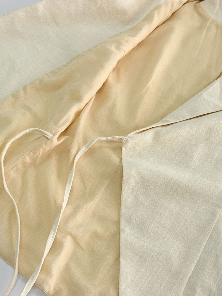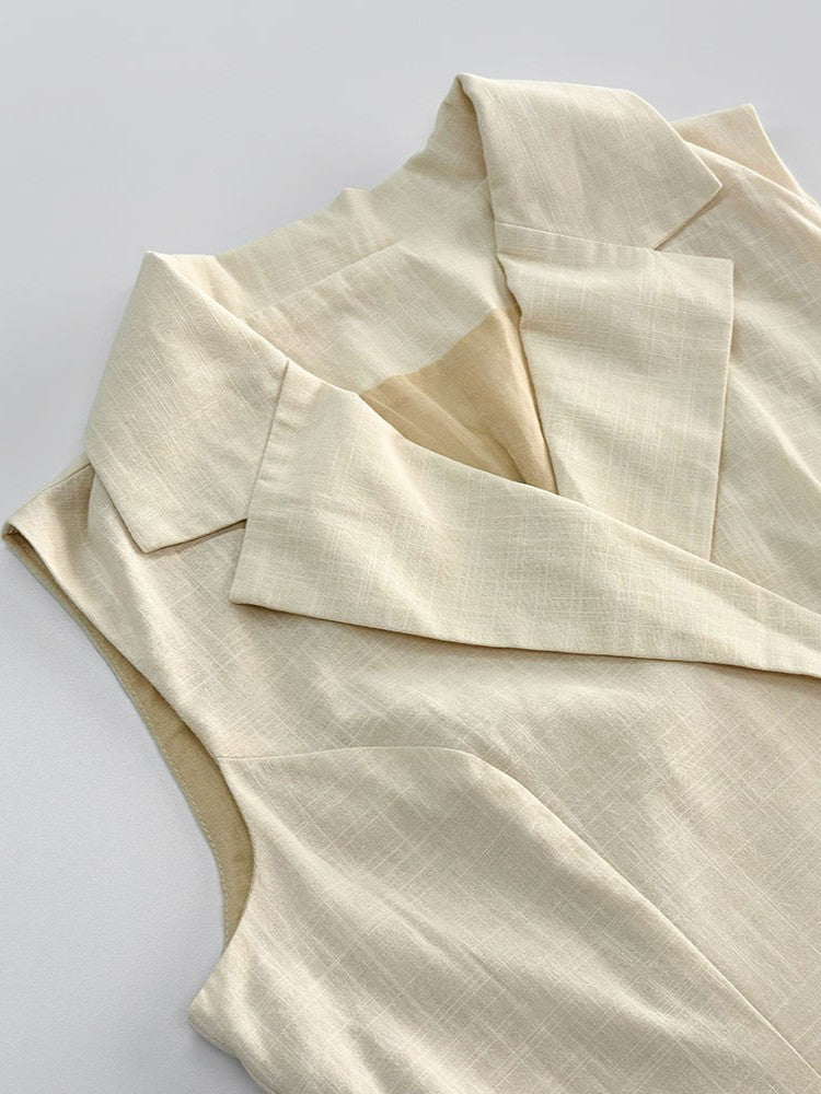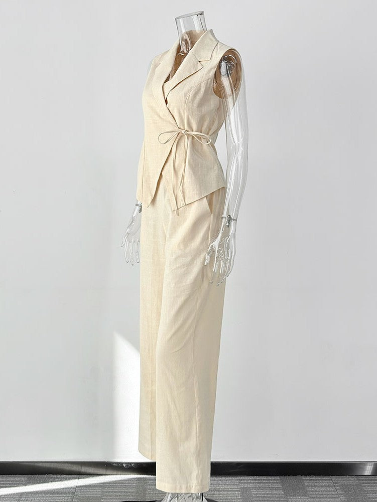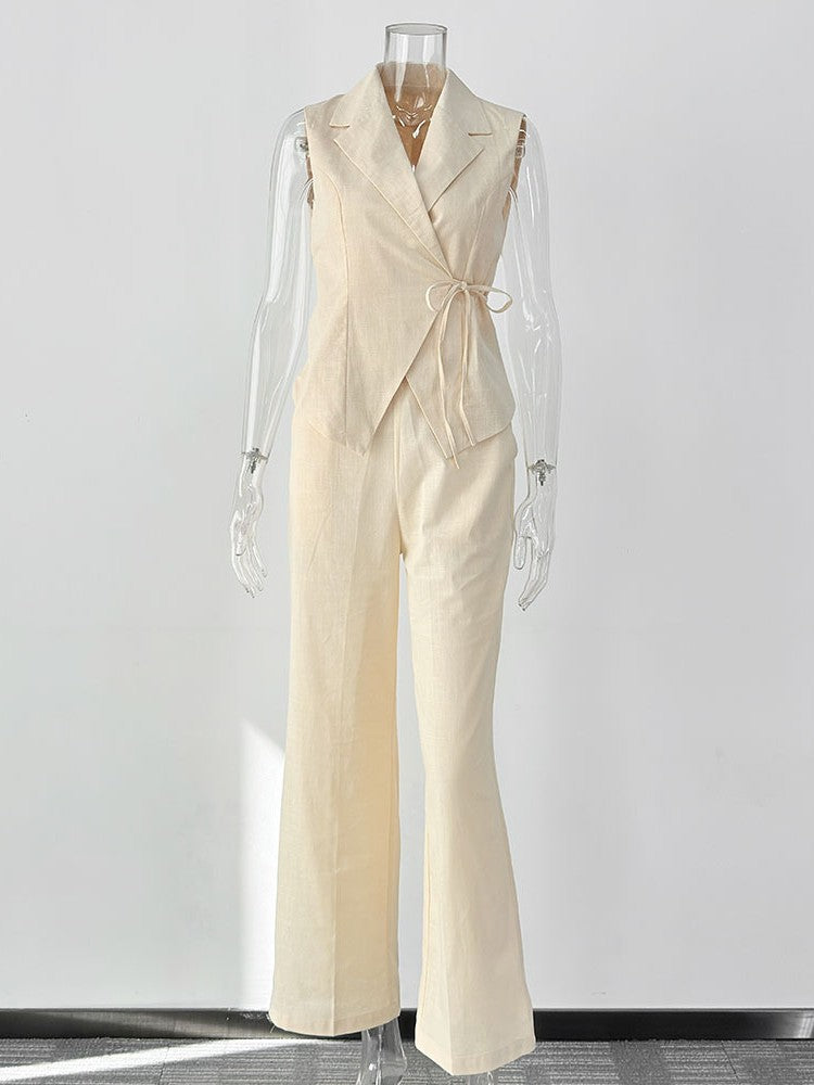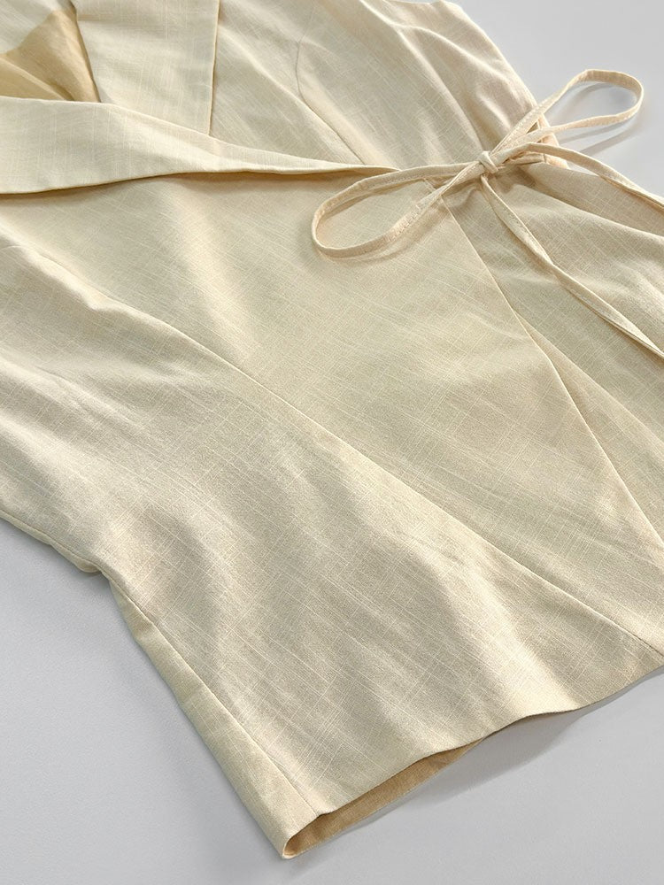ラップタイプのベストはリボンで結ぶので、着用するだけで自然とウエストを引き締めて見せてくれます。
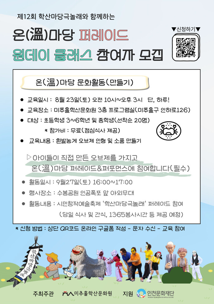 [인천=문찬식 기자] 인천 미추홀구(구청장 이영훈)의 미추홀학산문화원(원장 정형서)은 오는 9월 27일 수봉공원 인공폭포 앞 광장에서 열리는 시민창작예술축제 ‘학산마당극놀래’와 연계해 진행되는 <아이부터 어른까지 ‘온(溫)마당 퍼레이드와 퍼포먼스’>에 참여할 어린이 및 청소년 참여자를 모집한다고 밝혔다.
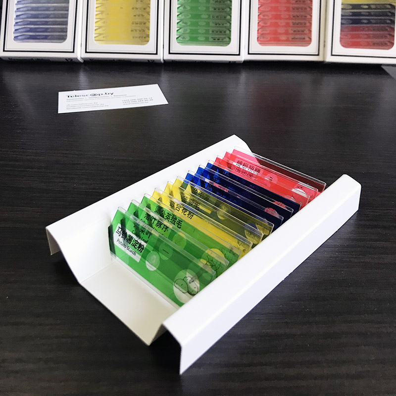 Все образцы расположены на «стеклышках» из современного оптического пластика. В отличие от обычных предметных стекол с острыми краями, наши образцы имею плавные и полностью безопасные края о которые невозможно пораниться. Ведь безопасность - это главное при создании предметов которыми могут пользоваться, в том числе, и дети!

Brief: Each line of the listing above should be retyped exactly, with no pictures.

Answer to the problem:
ラップタイプのベストはリボンで結ぶので、着用するだけで自然とウエストを引き締めて見せてくれます。
 [인천=문찬식 기자] 인천 미추홀구(구청장 이영훈)의 미추홀학산문화원(원장 정형서)은 오는 9월 27일 수봉공원 인공폭포 앞 광장에서 열리는 시민창작예술축제 ‘학산마당극놀래’와 연계해 진행되는 <아이부터 어른까지 ‘온(溫)마당 퍼레이드와 퍼포먼스’>에 참여할 어린이 및 청소년 참여자를 모집한다고 밝혔다.
 Все образцы расположены на «стеклышках» из современного оптического пластика. В отличие от обычных предметных стекол с острыми краями, наши образцы имею плавные и полностью безопасные края о которые невозможно пораниться. Ведь безопасность - это главное при создании предметов которыми могут пользоваться, в том числе, и дети!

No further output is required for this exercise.